Storm causes hillside collapse in S. California


Associated Press

LAGUNA BEACH, Calif.

A powerful storm dumped more rain on already waterlogged Southern California on Wednesday, washing hillsides onto highways, endangering houses in canyons and forcing rescuers to pluck dozens of motorists from flooded streets.

The storm was expected to ease as it moved eastward. Floodwaters washed away homes in Arizona and inundated parts of Nevada and Utah.

The low-pressure system could be in New Mexico by Thursday and could reach the Gulf Coast by Saturday with some rain, but not the deluge that hit Southern California, forecasters said.

In Southern California, the burst of heavy rain in the morning left streets flooded and caused minor mudslides. The threat, however, of larger mudslides could last for weeks in the suburban Los Angeles canyon hillsides laid bare by wildfires.

“The ground is so saturated it could move at any time,” said Bob Spencer, spokesman for the Los Angeles County Department of Public Works.

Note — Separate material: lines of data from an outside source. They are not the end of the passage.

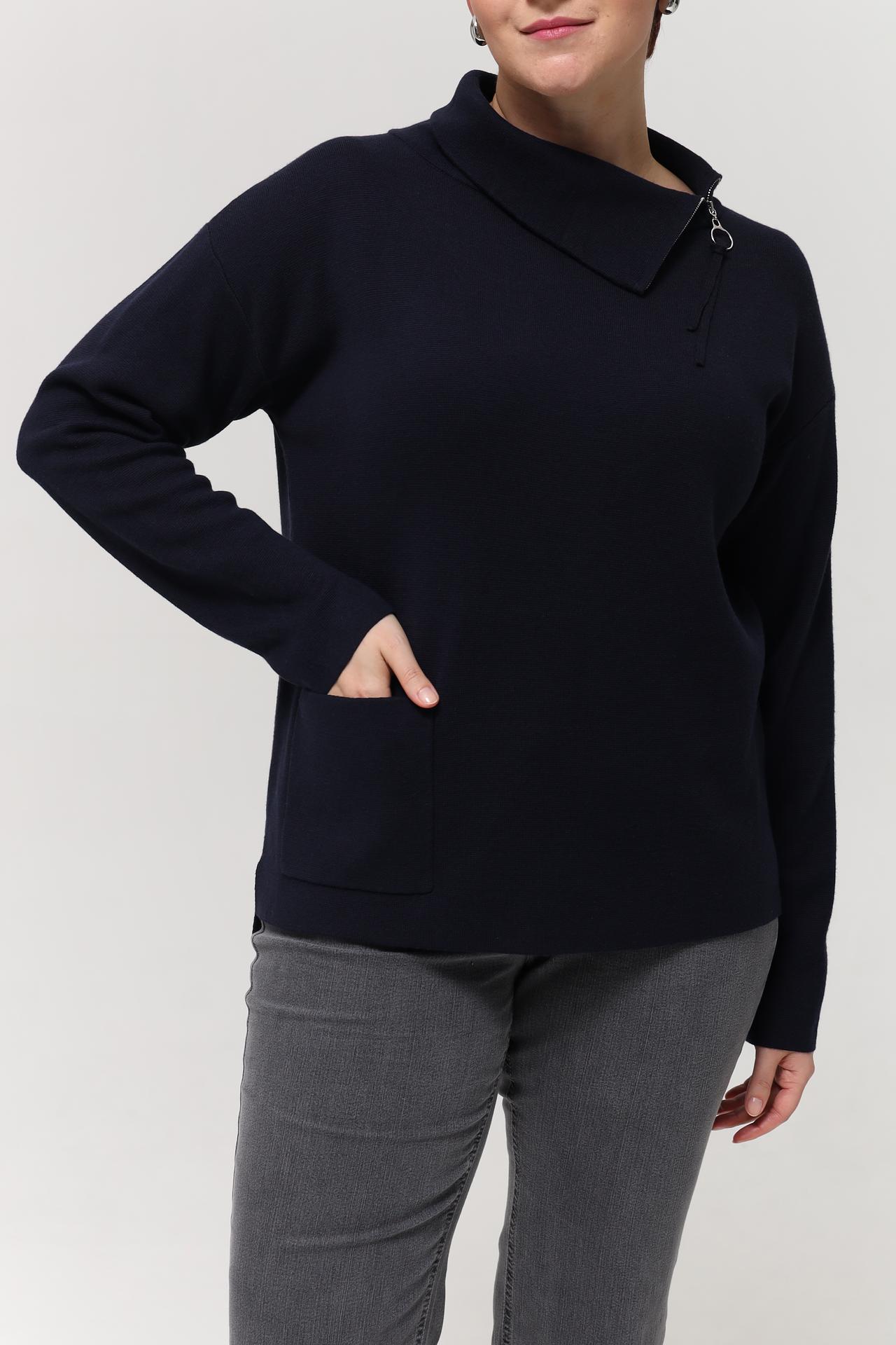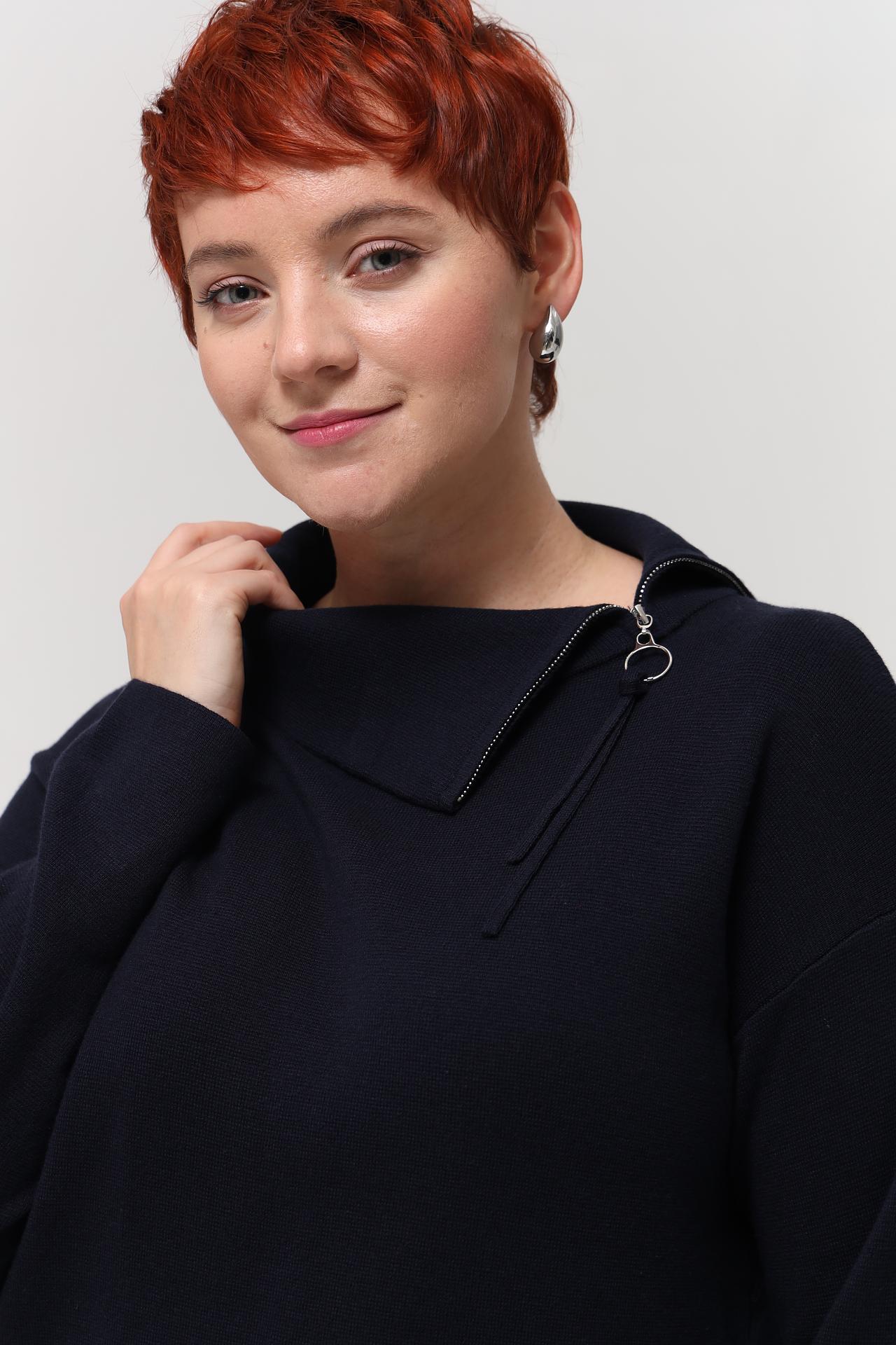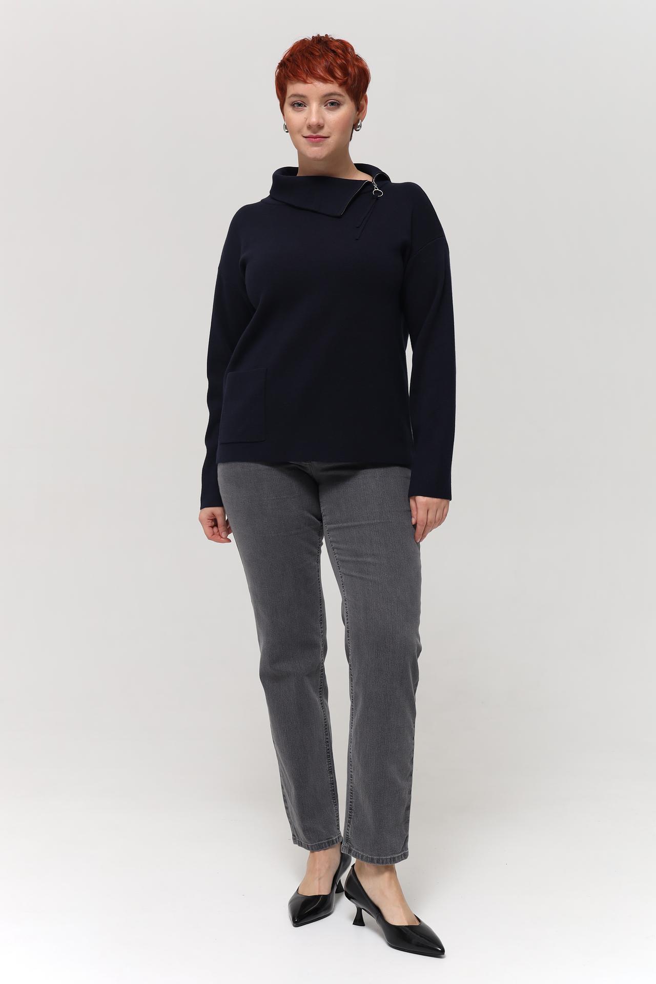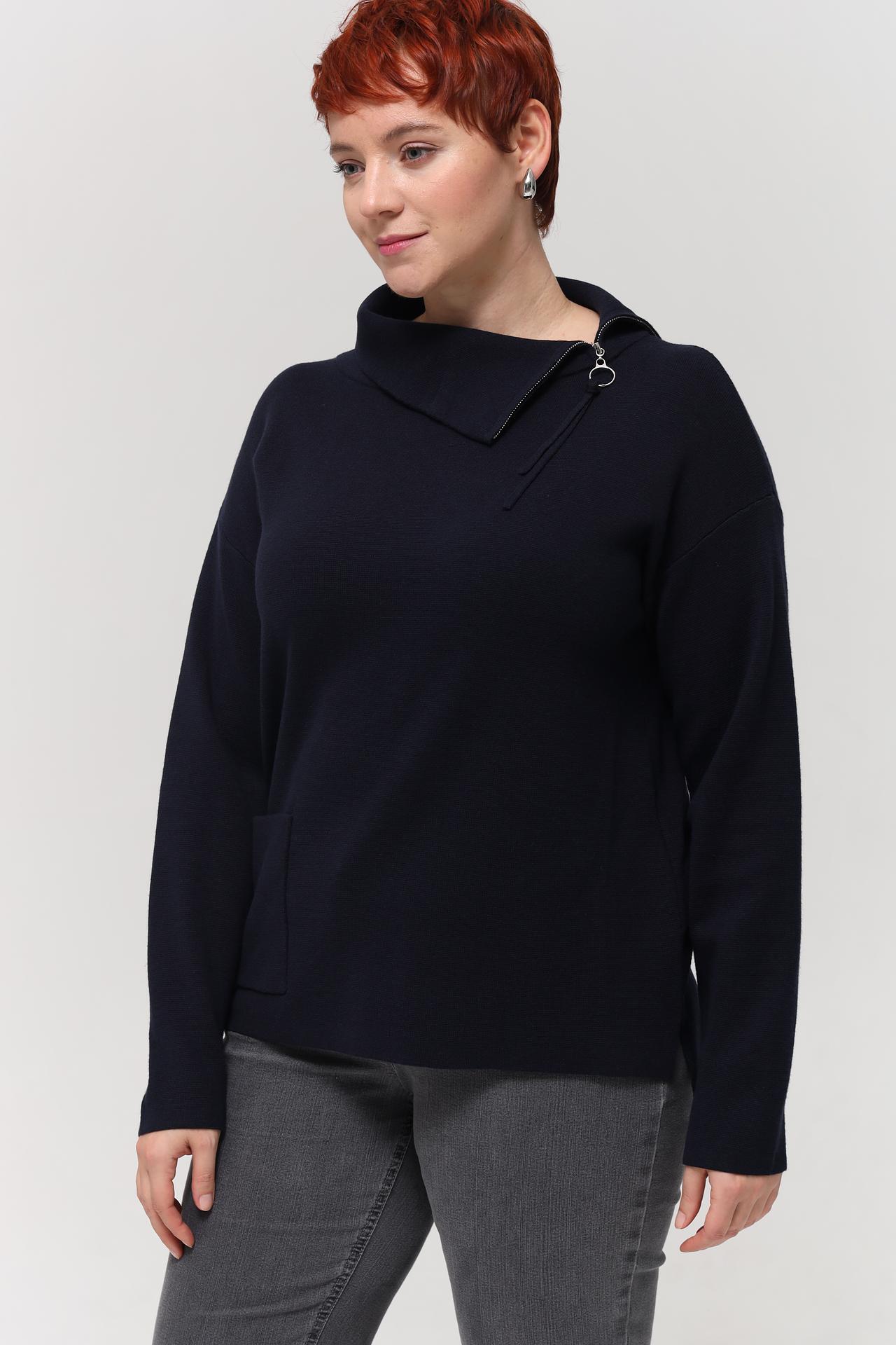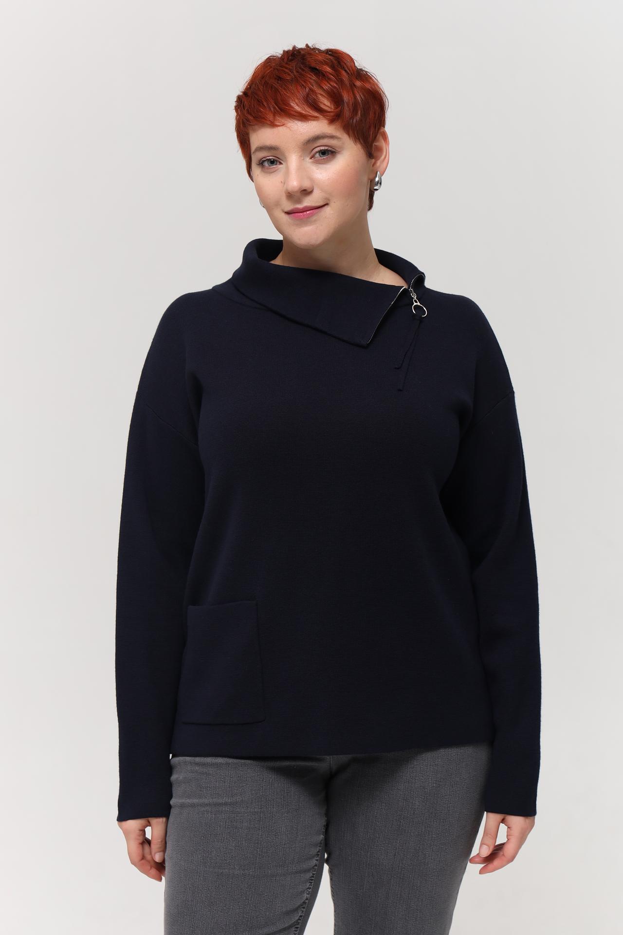 Пуловер Lebek Синий с асимметричным воротником и карманом
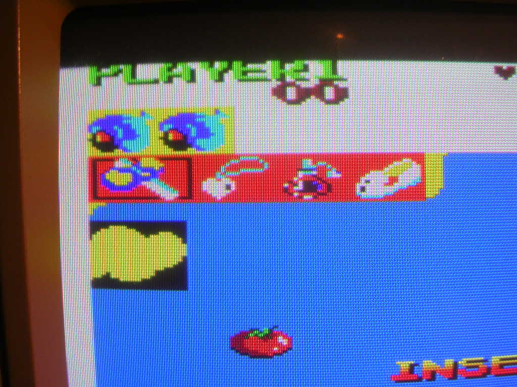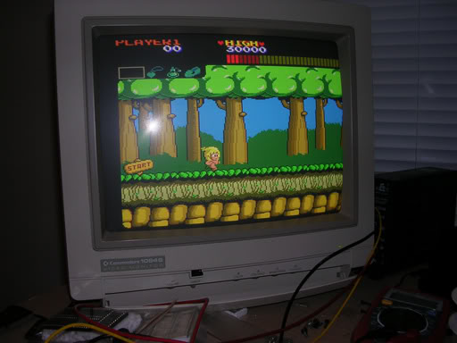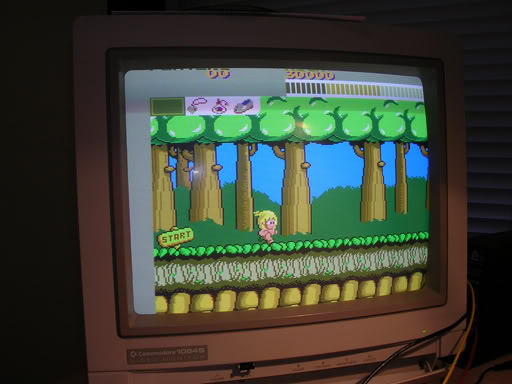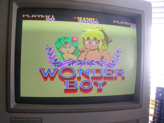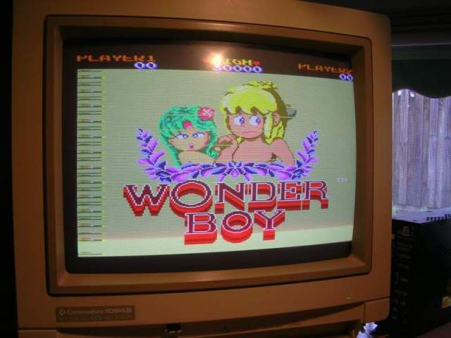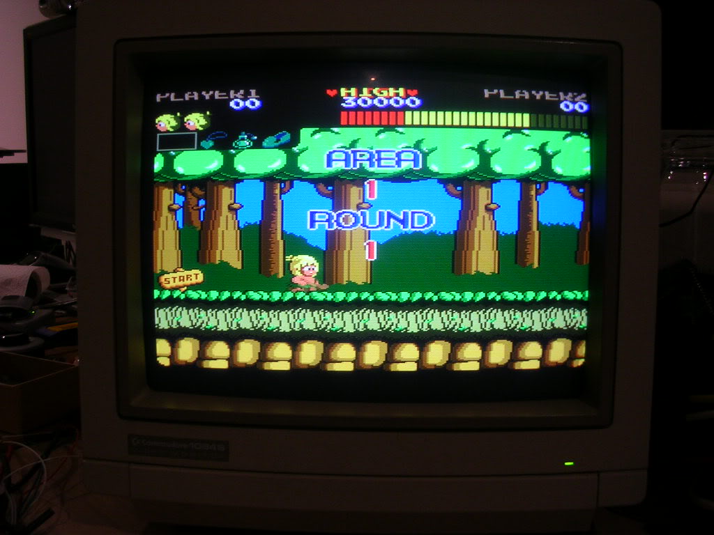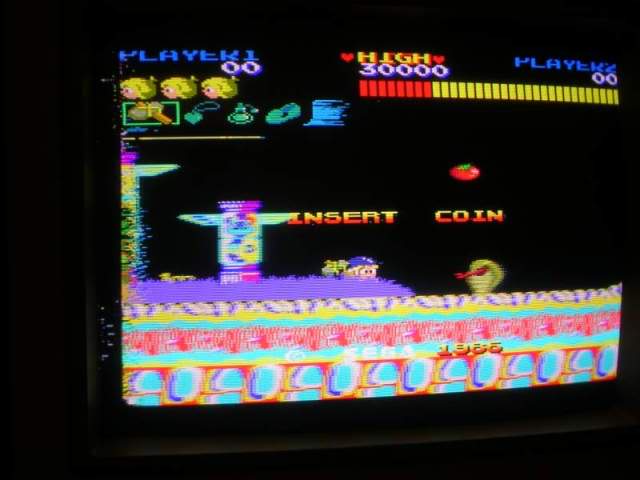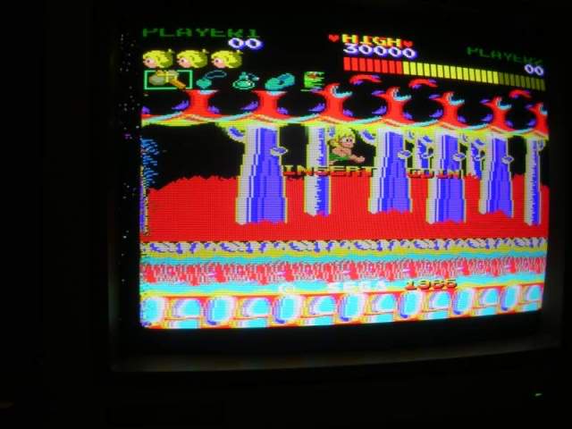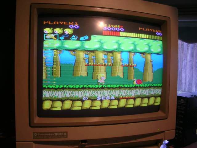 The Wonderboy sprite was also a bit unstable, sometimes the "walking" sprite was torn up and only came good when he jumped or was on his skateboard. Probably the oddest issue was that the Wonderboy sprite was actually behind the background and was only visible when he jumped above the line of the red bushes or got out of the forest.
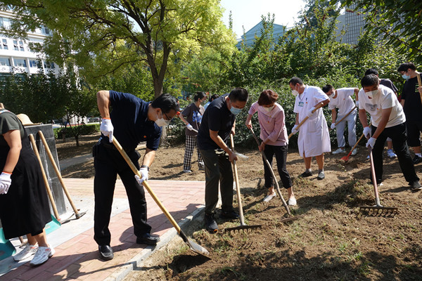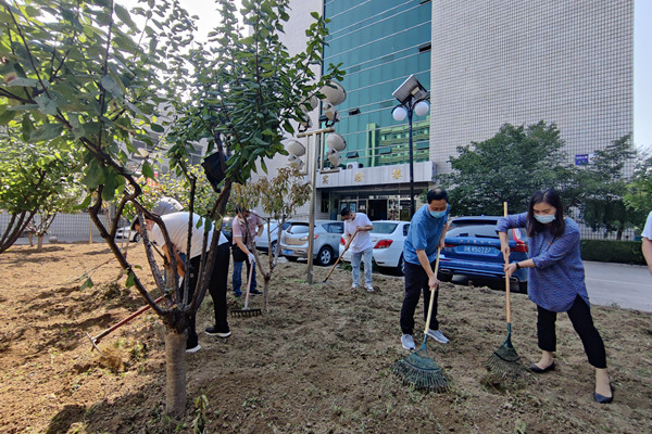 9月16日下午,后勤党总支组织党员30余人,在小营校区实验楼前开展了“松土整地 扮靓校园”绿色学校创建主题党日活动。

Spencer added that catch basins designed to hold a landslide’s uprooted trees and other debris before it can wash down onto homes appeared to have plenty of capacity.

Heavy rains early Wednesday caused a hillside to collapse on part of a busy Interstate 10 transition road about 30 miles outside Los Angeles.

In eastern Orange County, 25 to 30 people were evacuated from their homes in Silverado Canyon. The houses were threatened by rolling boulders and debris flow. The canyon is on the edge of the Cleveland National Forest, which burned in a 1997 wildfire.

Silverado Creek was swollen with muddy brown water, and roads were choked with mud and uprooted trees.

Orange County Fire Authority Capt. Larry Kurtz said firefighters walked residents to a church and searched deeper in the canyon for remote homes. “If we have any more rain, there are people who just can’t get out,” Kurtz said.

Some residents refused to leave.

Rick Tallant said he has lived in the canyon for nine years and planned to wait out the rain at his home.